The Indian Army entered Jessore Tuesday after a lightning thrust which splintered the Pakistani forces and put them to flight.
Tanks and armoured personnel carriers thundered past rows of shabby rundown shops, most of them locked and shuttered.
Turbaned Sikhs and brown-faced little Gurkha riflemen mingled with the crowd as cheerleaders led them in their chant of “Joi Bangla!” -Long live Bengal!
For the survivors of Jessore, an independent Bangladesh at last had become more than a cherished dream.
Out in the streets, too, were the Mukti Bahini, nationalist guerrillas who have waged an eight-month war of sabotage and against President A. M. Yahya Khan’s Army.
Modern automatic rifles, supplied by India, were slung over their shoulder, and light machine-guns.
They played a minor role in the battle of Jessore. But there was a swagger in their walk as they enjoyed the day of triumph. Major-General Dalbir Singh, whose division conquered this Pakistani barracks city, said if the enemy “had fought sensibly we should have been fighting here for a month”.

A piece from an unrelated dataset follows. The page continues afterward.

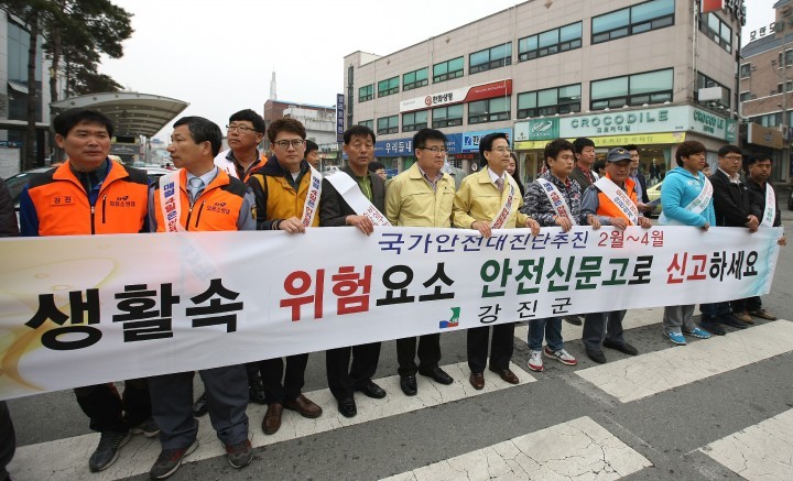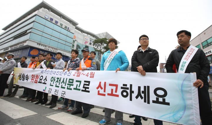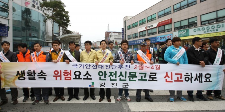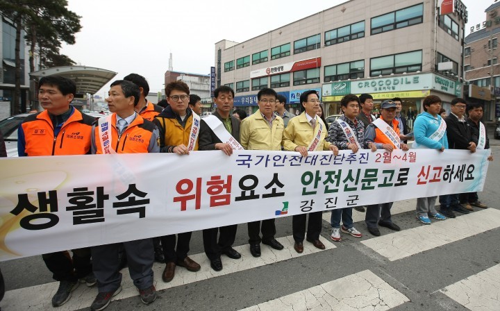전남 강진군이 주관한 이번 행사는 국가적 안전사고 발생에 따른 군민들의 불안감을 해소하고 안전에 대한 관심도를 높이기 위해 실시됐으며 우리주변의 위험요소인 산사태, 산불, 화재, 교통사고 등에 대한 주민들의 안전사고 예방 캠페인을 펼쳤다.

General Singh, Commander of the Indian 9th Division, said an antitank ditch and a little Maginot Line surrounded Jessore, but his troops entered almost unopposed.
His report had little in common with official accounts issued by Army spokesmen in Calcutta. They told of fierce fighting in Jessore.
Most of the fighting took place well away from the town General Singh remarked of the Pakistanis: “They have been fighting since April and are fairly disorganized”. Shell-fire has blasted an occasional house, but otherwise Jessore is little damaged. Most of the Pakistanis now are withdrawing toward the port and mill town of Chalna..
“I’ve got some of them in a pocket and even for the rest there is no way out”. General Singh added. “I don’t want to kill them yet. I want to catch them. I’m of a gentle nature.”